Now we have the area of the material required as an expression with a single variable: 2W^2+ 3*40/W

We need to find the minimum value of this expression. So we differentiate it and equate the derivative to 0.

=> 4W - (3*40)/W^2 =0

=> 4W = (3*40)/W^2

=> W^3 = 30

=> W = 30^(1/3)

**The width to make the box with the least amount of material is 30^(1/3).**

Let x and 2x and h be the width ,linth and height of the box.

Then the volume of the box = length*width*height = x*2x*h =2x^2h. But 2x^2*h = 40 cubic feet,

Therefore h = 40/2x^2 = 20/x^2.

Now the material of the box whose sides are x , 2x and h is proportional to its surface area which is x*2x+2x*h+2(2x)h = 2x^2+6xh = x^2+6*(20/x^2) = x^2+120/x

So we shoild minimum area or the minimum value of x^2+120/x.

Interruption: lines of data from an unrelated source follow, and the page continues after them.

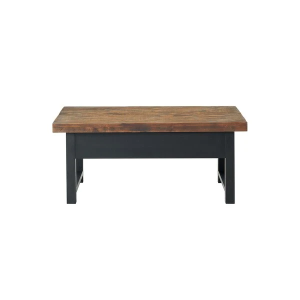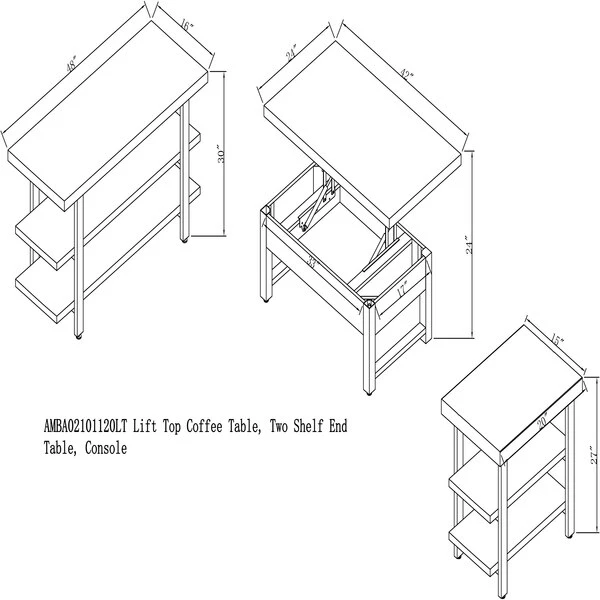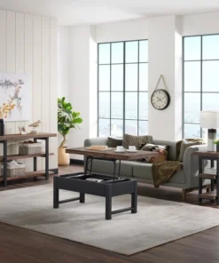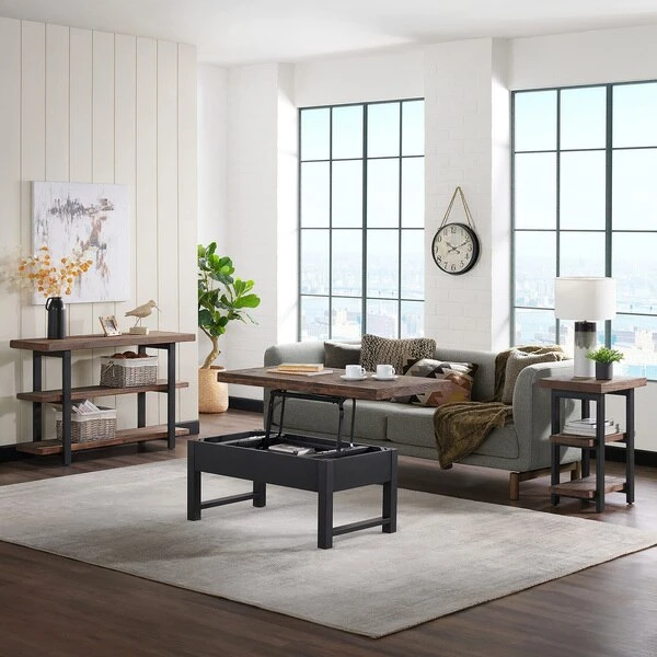 The Pomona collection features the exquisite workmanship of a solid wood top with metal legs that will last for years to come. Each piece is constructed of solid pine wood and finished to have the appearance of reclaimed wood. The reclaimed wood finish highlights natural wood variations such as cracks and knots which add to the piece's character. This set of four is sure to enhance your living room style; one lift top coffee table, sofa/TV console and two end tables complete the look. Any item in this collection will add to the rustic industrial style of any space.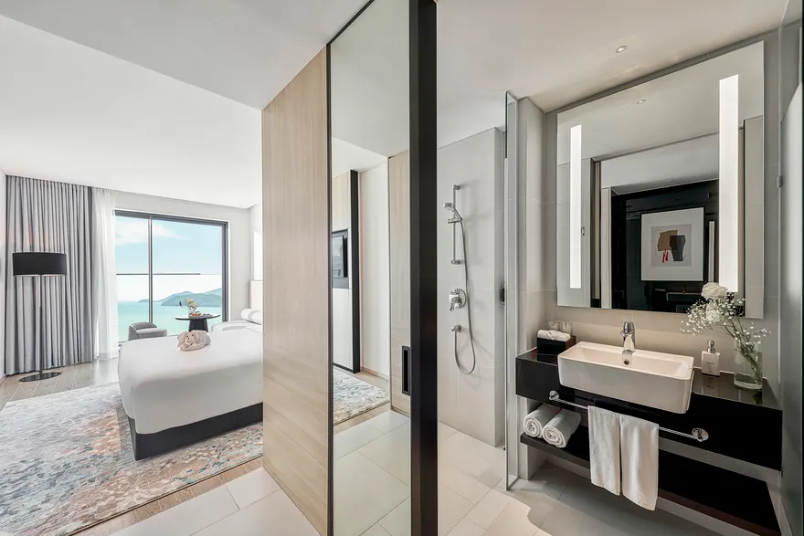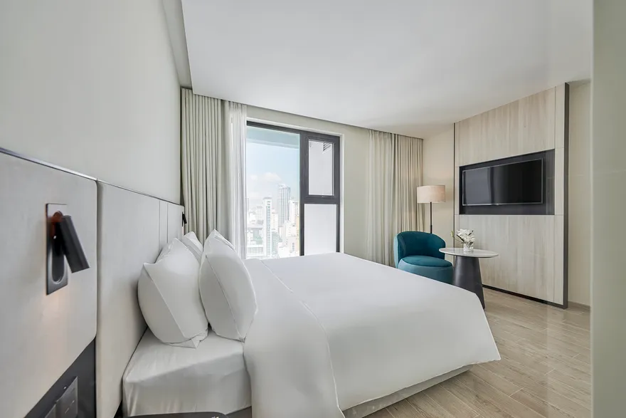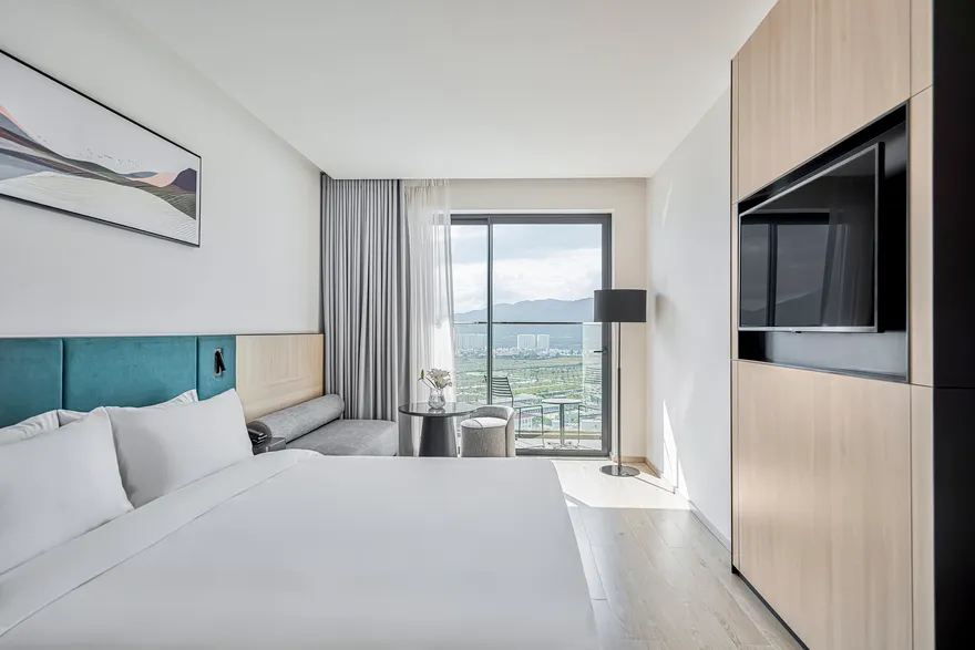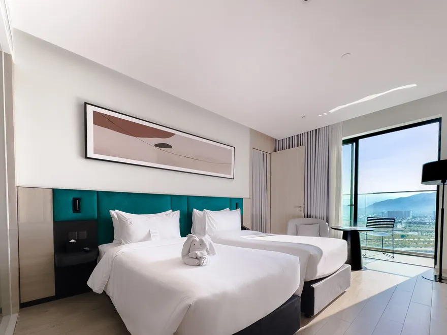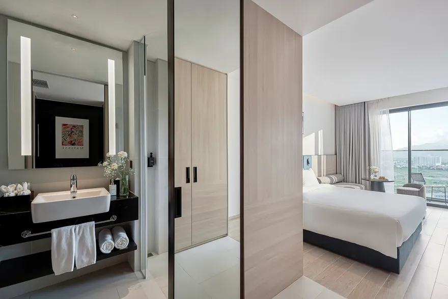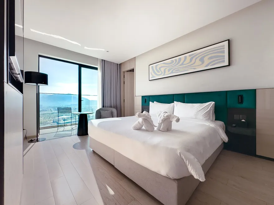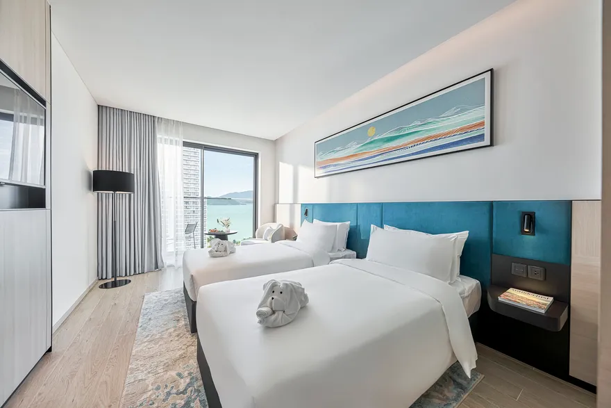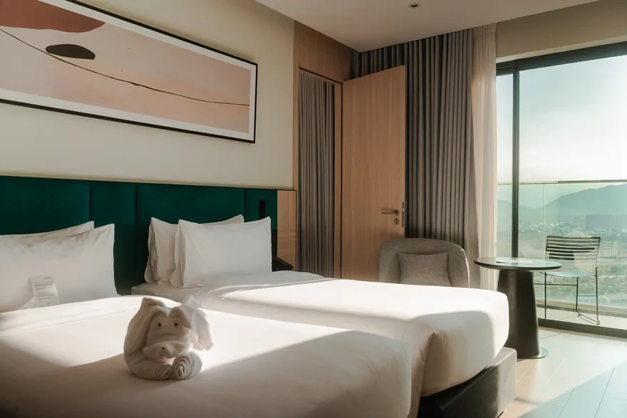 Sở hữu quy mô 245 phòng nghỉ được thiết kế tinh tế nhằm tối ưu hóa sự thư giãn và thoải mái cho du khách , với điểm nhấn đặc trưng là hầu hết các hạng phòng đều sở hữu ban công riêng biệt để tận hưởng trọn vẹn ánh sáng và không gian. Các hạng phòng chủ lực như City View với tùy chọn cửa sổ hoặc ban công là lựa chọn tối ưu cho khách công vụ và các cặp đôi cần sự tiện nghi đô thị. Đối với du khách yêu thích thưởng ngoạn cảnh sắc, các dòng phòng Mountain và Sea View Balcony cung cấp tầm nhìn panorama hướng thẳng ra vịnh Nha Trang hoặc những dãy núi phía Tây hùng vĩ. Bên cạnh đó, khách sạn còn mang đến không gian Family Suite rộng 55 $m^2$ lý tưởng cho các gia đình từ 4 đến 5 thành viên , cùng hệ thống 12 phòng Luxury Suite cao cấp sở hữu nội thất tinh xảo, khẳng định vị thế của một cơ sở lưu trú hạng sang thế hệ mới.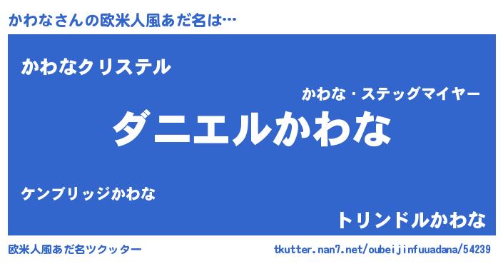 | ヒーロー風カッコイイあだ名 | 『慈愛の使者かわな』『超時空戦士カワナ』 |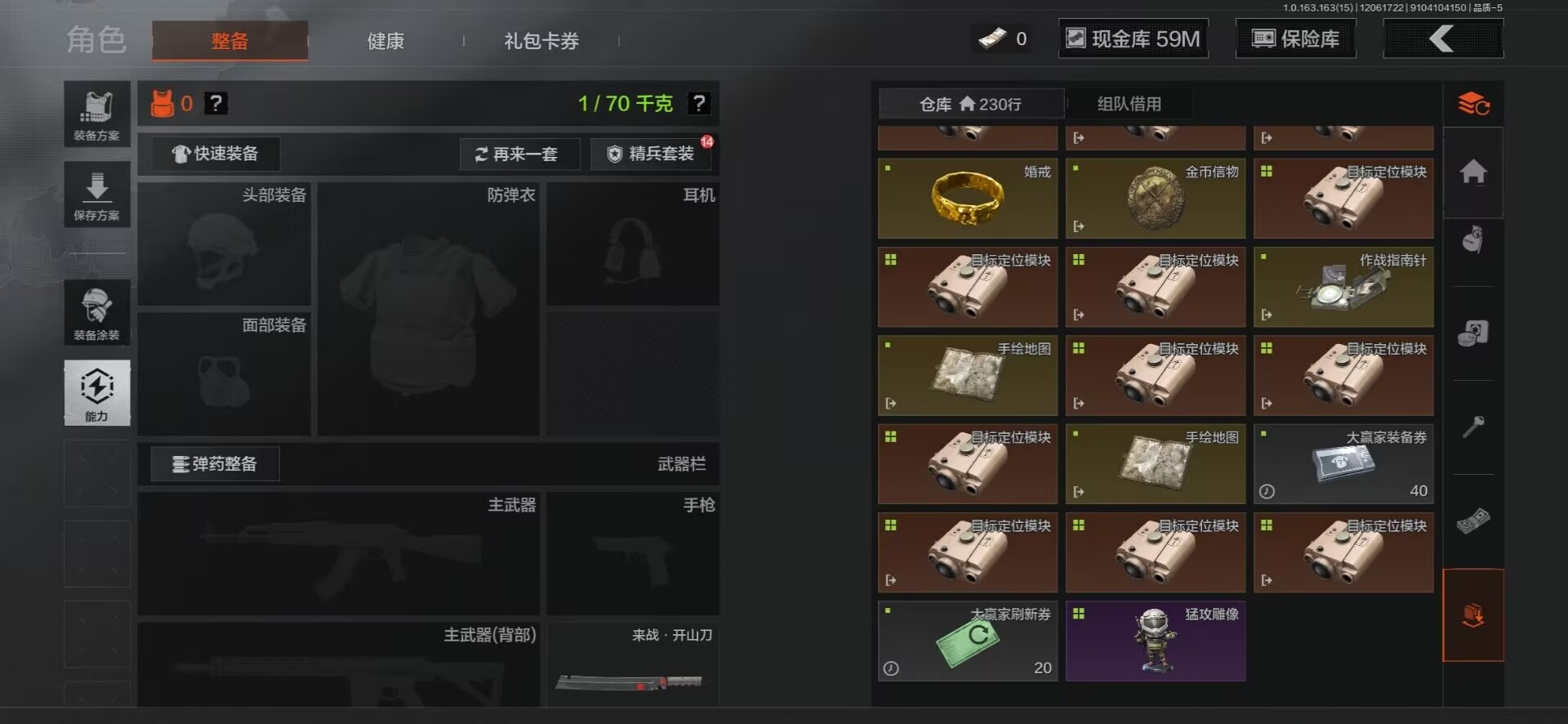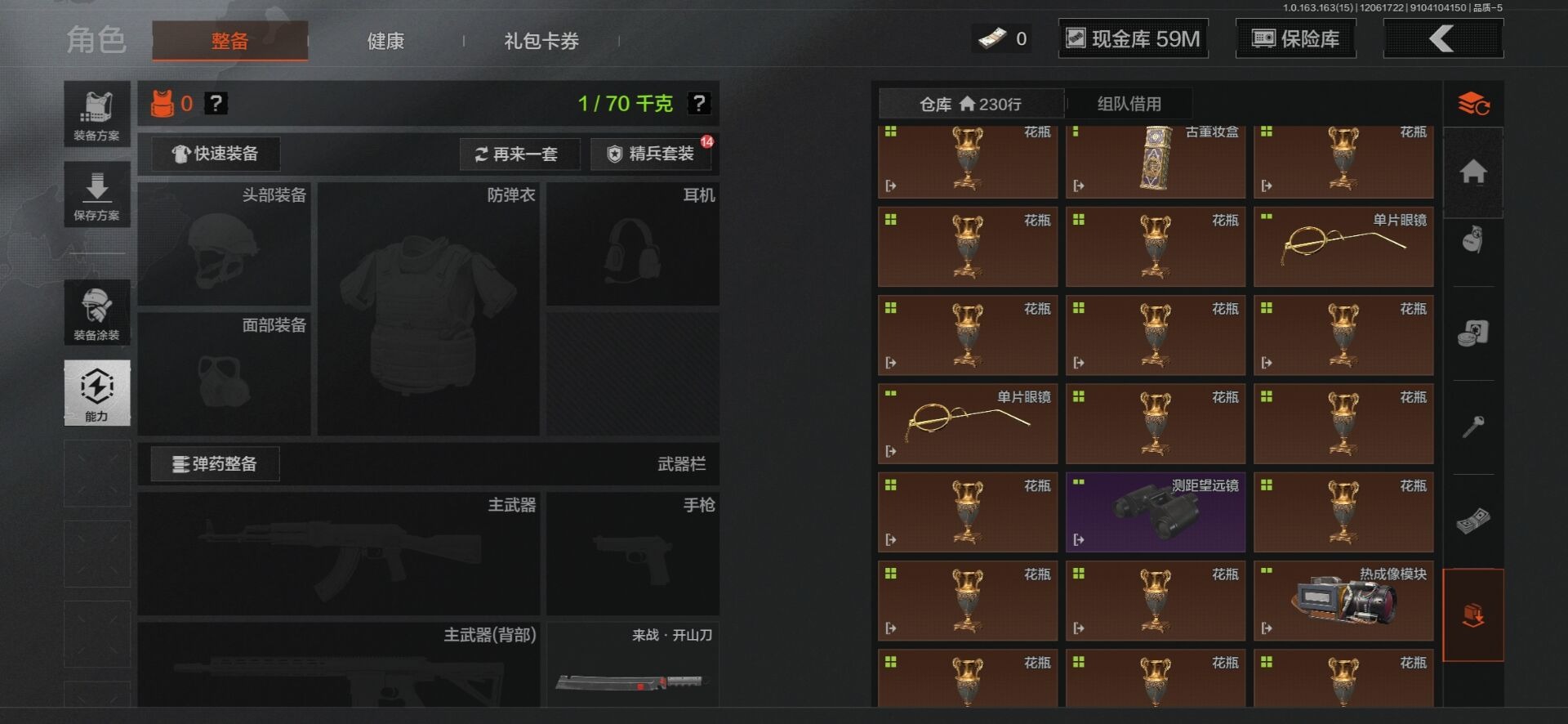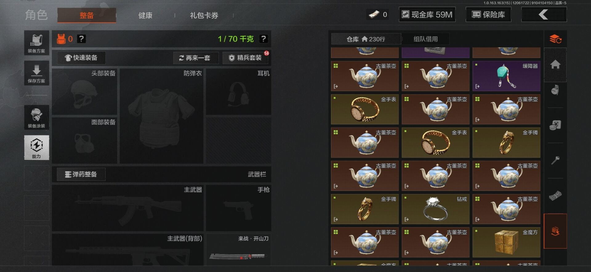 [14402163]库存价值233.2 2近战武器 2金呛皮 可修改实名 【柯恩币数量】:59 【近战武器】:工兵铲来战·开山刀 【金色呛皮】:伦琴幻影·fal旧王圣谕·q191 【紫色呛皮】:竞技·m110最后防线·aks74u火力倾泻·aug火力倾泻·akm火力倾泻·rpd战术大师·sj16战术大师·sks骑士之剑·t03伦琴计量·vect45秘域鎏金·rpk16粉绒臻选·an94炎夏浪花·h416来战·ak74n黑金国际·m4a1无畏·usas12和平之手·fal灰鼠幻歌·p90 【角色装扮(紫)】:王国卫队礼装鎏金街头套装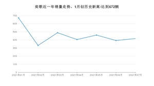 2021年7月,奕歌销量为417辆,同比下降38.13%,环比增长6.11%。1-7月份,奕歌销量为3168辆,同比下降47.09%。在最近1年中,奕歌销量在2021年01月达到最高,销量为672辆。
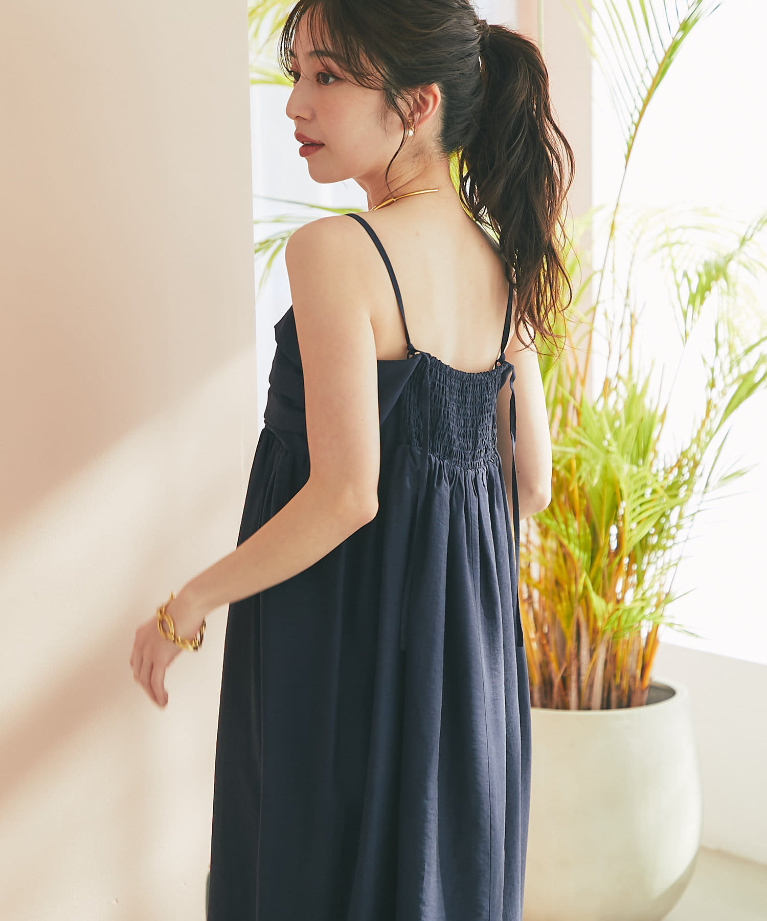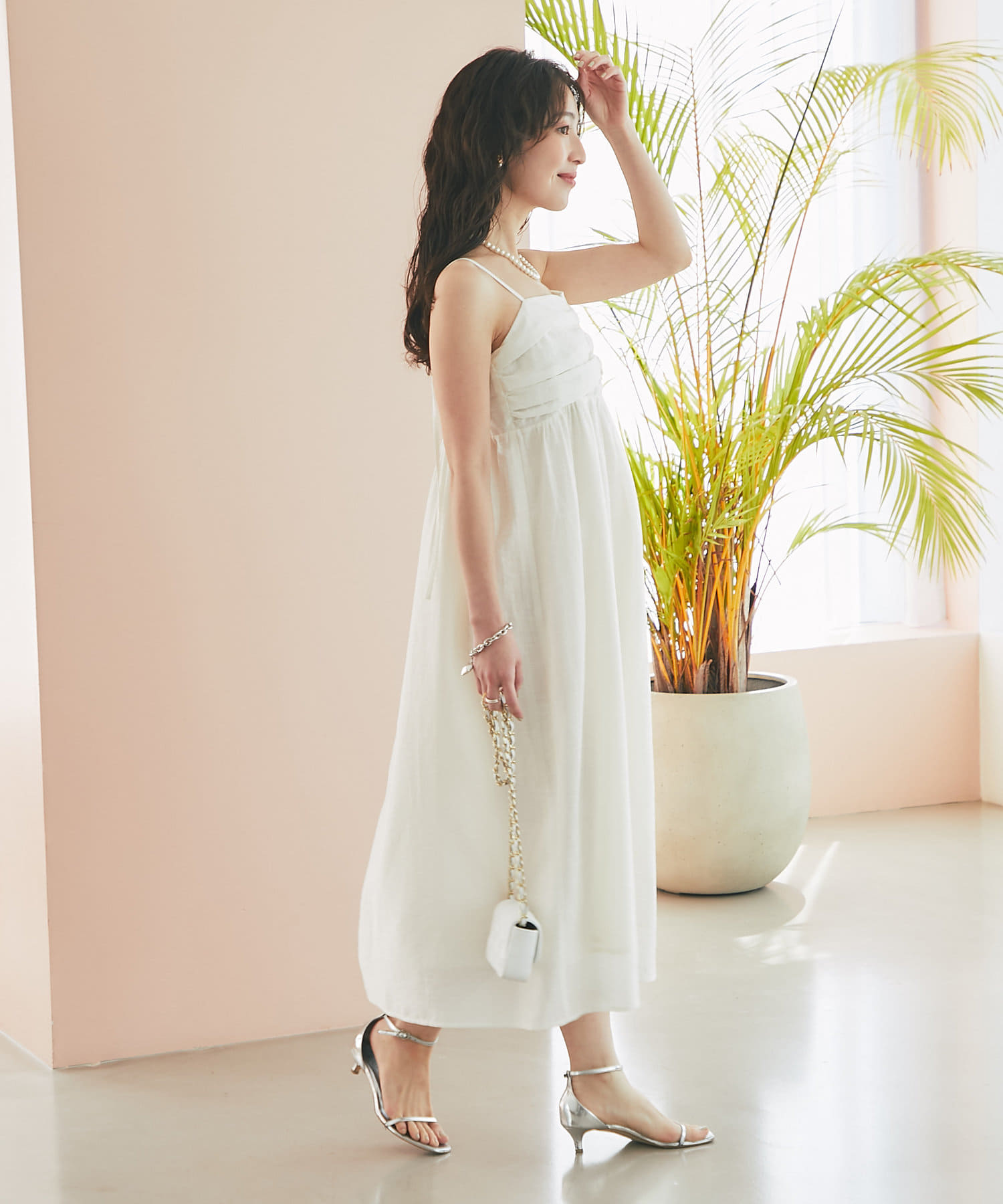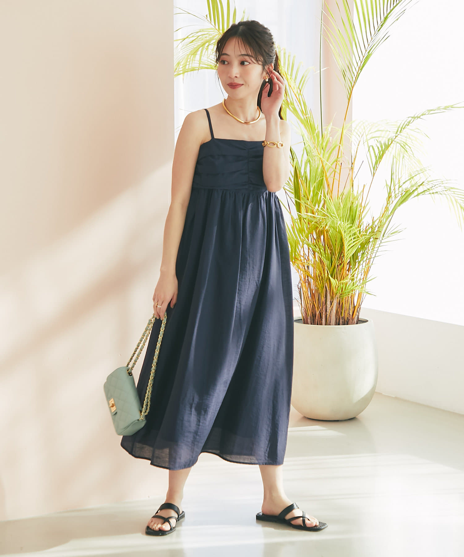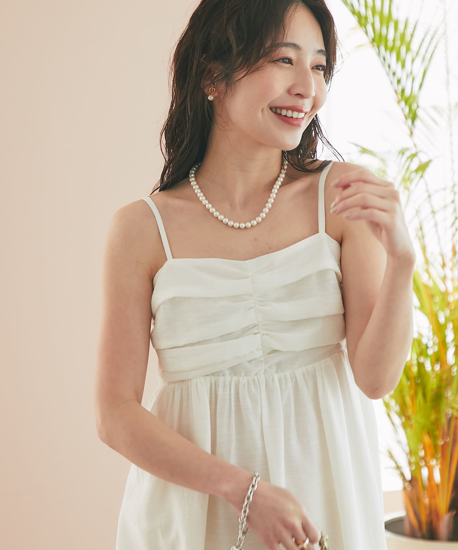 バスト部分はギャザーを寄せているので、女性らしい柔らかな印象を与えつつ、気になる部分をさりげなくカバー。

Let A(x) = 2x^2+6/x. By calculus, minimum A(x) could be A(c), where c is a solution of A'(x) = 0 and makes A''(c) > 0.

A'(x) = 0 gives: (2x^2+120/x)' = 0. Or

4x -120/x^2 = 0. Multiply by 4.

4x^3 = 120

x = 120/4 = 30

x = 30^(1/3).

Also f"(x) = (4x-120/x^2)' = 4-120* (-1/2x^3) = 4+60/x^3 which is > 0 when x=c = (30)^(1/3)

Therefore the minimum material is when the the width = 30^(1/3).